» **TASK INSTRUCTIONS**:
Return every record below exactly as written, but leave out the pictures.

» **SUPPLIED RECORDS**:
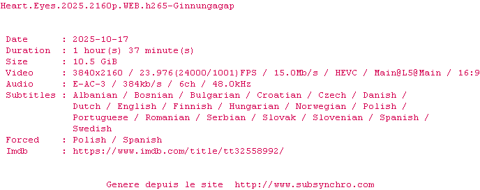 Y avez-vous pense ? Nous proposons déjà 3 sous-titres pour le film Heart Eyes. Avez-vous essaye de voir si ces sous-titres etaient compatibles avec cette release ? On vous laisse le soin de tester cela pour nous et de contribuer au site en postant le sous-titre en cas de compatiblite constatee !
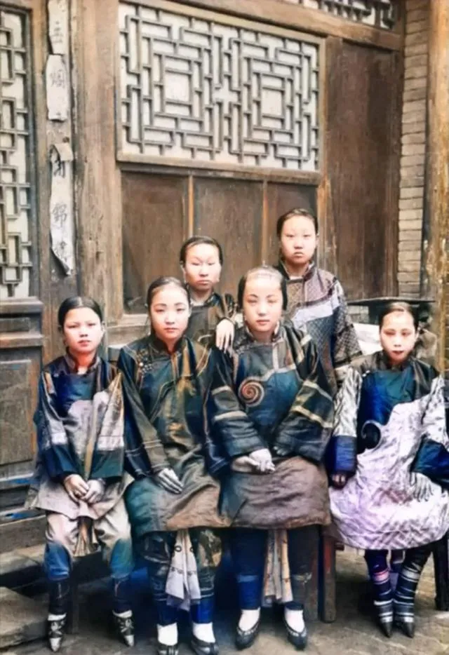 这一排坐着的,是清朝末年大户人家的小姐妹,一个个梳得光溜溜,衣服倒是有点紧巴,腿上缠着厚厚裹脚布,步子迈不开也要假正经,小时候姥姥说,谁家女娃裹脚裹得好,媒人都争着抢,如今一听全当个笑话,过去的美可真苦。
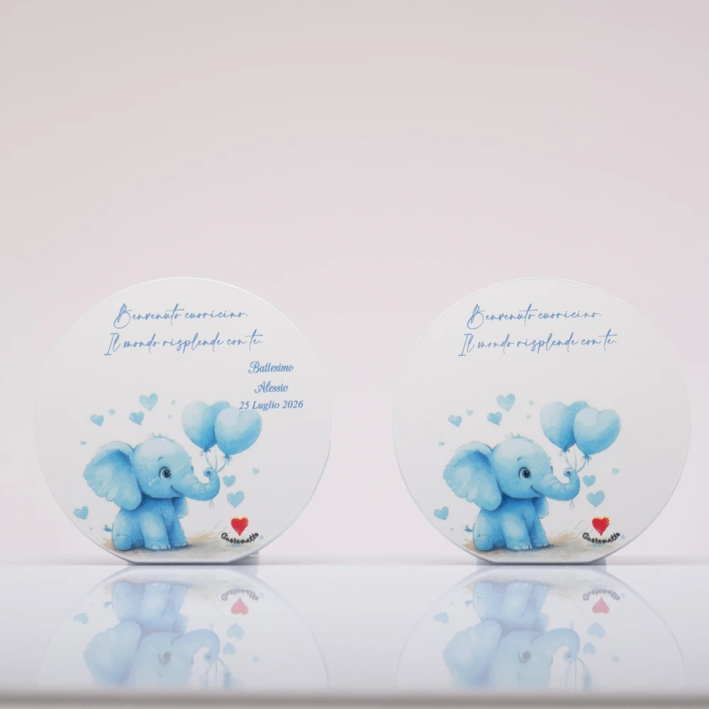 Il Quadretto Elefante Celeste 10 cm Cuorematto è una bomboniera elegante e delicata, pensata per celebrare la nascita o battesimo con stile e significato. L’elefante simboleggia protezione, fortuna e forza, mentre il colore celeste aggiunge un tocco di tenerezza, rendendo questo quadretto un dono perfetto da conservare come ricordo speciale.
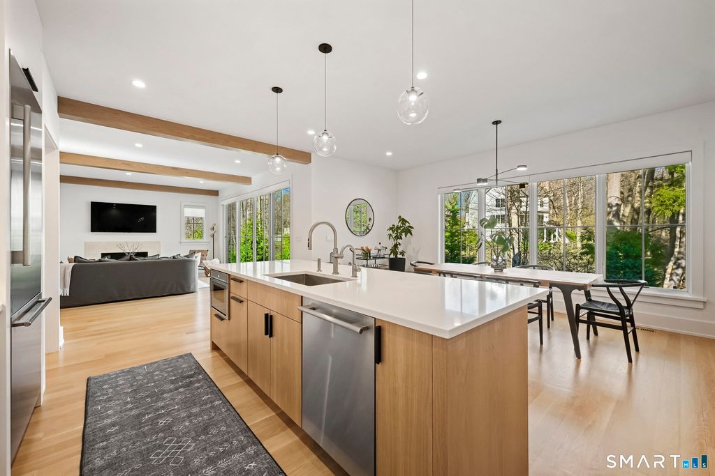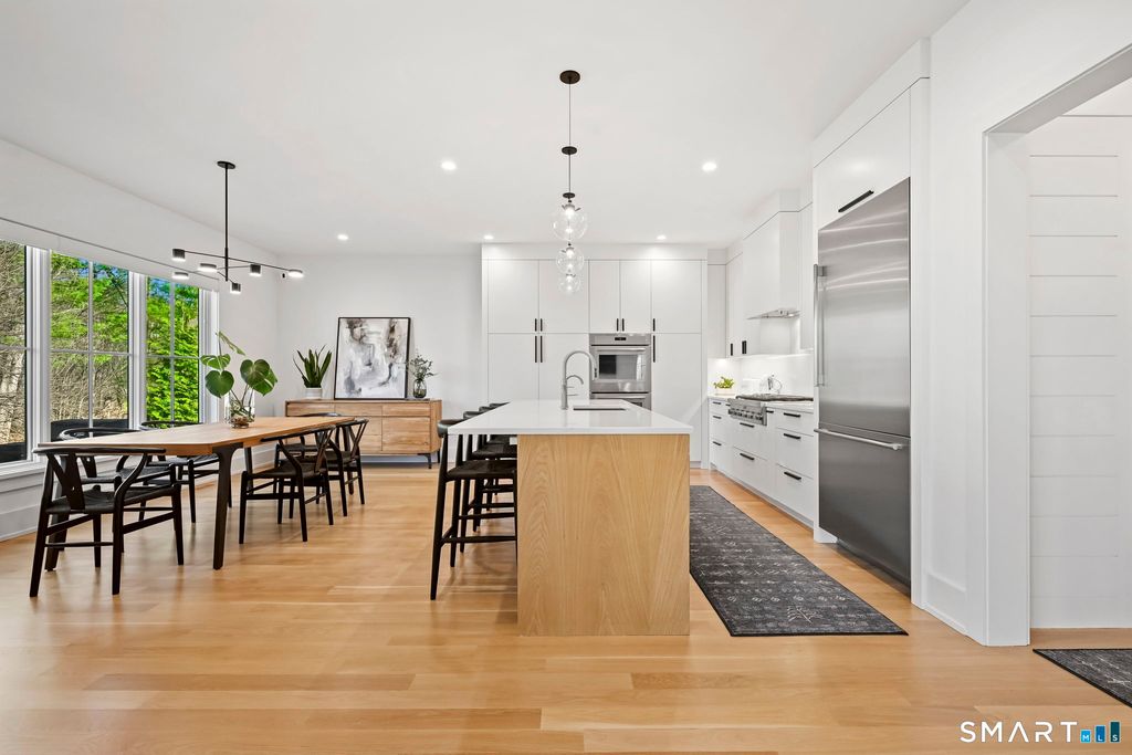 Discover refined, better-than-new construction at 9 White Barns Lane, ideally located in the desirable White Barns community within Norwalk's sought-after Cranbury neighborhood. Built in 2023, this exceptional 4,900+/- Sq. Ft. residence offers 4/5 bedrooms and 4 full/1 half baths of thoughtfully designed living space with incredible flexibility for today's lifestyle. Crafted with quality and attention to detail, the home features custom millwork, high-end finishes, and a seamless open-concept layout designed for both everyday living and entertaining. The main level offers expansive living and dining spaces centered around a modern kitchen, all filled with natural light. Upstairs, the private primary suite and well-proportioned secondary bedrooms provide comfort and functionality. The finished lower level offers ideal space for recreation, fitness, a bedroom, or media room, while the third floor flex space creates an additional opportunity for an office, playroom, or alternative gym location. Outdoor living is equally inviting, with a large bluestone patio overlooking the natural surroundings. A rare opportunity to own a nearly new home in a highly desirable White Barns neighborhood just minutes to shopping, dining, and commuting options in Norwalk, Westport, and Wilton.
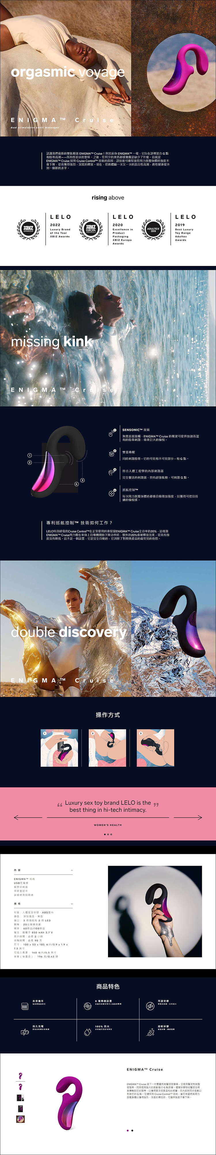 認識我們最新的雙振動器 ENIGMA™ Cruise!與其前身 ENIGMA™ 一樣,它旨在誘導混合 G 點和陰蒂高潮——所有性追求的聖杯。之後,任何少的東西都感覺像是缺少了什麼。這就是 ENIGMA™ Cruise 採用 Cruise Control™ 技術的原因,該技術可確保當您用力按壓身體時強度不會下降,從而獲得強烈、深度的釋放。現在,您將體驗一次又一次的混合性高潮,將性健康提升到一個新的水平。

» **EXERCISE RESPONSE**:
 Y avez-vous pense ? Nous proposons déjà 3 sous-titres pour le film Heart Eyes. Avez-vous essaye de voir si ces sous-titres etaient compatibles avec cette release ? On vous laisse le soin de tester cela pour nous et de contribuer au site en postant le sous-titre en cas de compatiblite constatee !
 这一排坐着的,是清朝末年大户人家的小姐妹,一个个梳得光溜溜,衣服倒是有点紧巴,腿上缠着厚厚裹脚布,步子迈不开也要假正经,小时候姥姥说,谁家女娃裹脚裹得好,媒人都争着抢,如今一听全当个笑话,过去的美可真苦。
 Il Quadretto Elefante Celeste 10 cm Cuorematto è una bomboniera elegante e delicata, pensata per celebrare la nascita o battesimo con stile e significato. L’elefante simboleggia protezione, fortuna e forza, mentre il colore celeste aggiunge un tocco di tenerezza, rendendo questo quadretto un dono perfetto da conservare come ricordo speciale.
 Discover refined, better-than-new construction at 9 White Barns Lane, ideally located in the desirable White Barns community within Norwalk's sought-after Cranbury neighborhood. Built in 2023, this exceptional 4,900+/- Sq. Ft. residence offers 4/5 bedrooms and 4 full/1 half baths of thoughtfully designed living space with incredible flexibility for today's lifestyle. Crafted with quality and attention to detail, the home features custom millwork, high-end finishes, and a seamless open-concept layout designed for both everyday living and entertaining. The main level offers expansive living and dining spaces centered around a modern kitchen, all filled with natural light. Upstairs, the private primary suite and well-proportioned secondary bedrooms provide comfort and functionality. The finished lower level offers ideal space for recreation, fitness, a bedroom, or media room, while the third floor flex space creates an additional opportunity for an office, playroom, or alternative gym location. Outdoor living is equally inviting, with a large bluestone patio overlooking the natural surroundings. A rare opportunity to own a nearly new home in a highly desirable White Barns neighborhood just minutes to shopping, dining, and commuting options in Norwalk, Westport, and Wilton.
 認識我們最新的雙振動器 ENIGMA™ Cruise!與其前身 ENIGMA™ 一樣,它旨在誘導混合 G 點和陰蒂高潮——所有性追求的聖杯。之後,任何少的東西都感覺像是缺少了什麼。這就是 ENIGMA™ Cruise 採用 Cruise Control™ 技術的原因,該技術可確保當您用力按壓身體時強度不會下降,從而獲得強烈、深度的釋放。現在,您將體驗一次又一次的混合性高潮,將性健康提升到一個新的水平。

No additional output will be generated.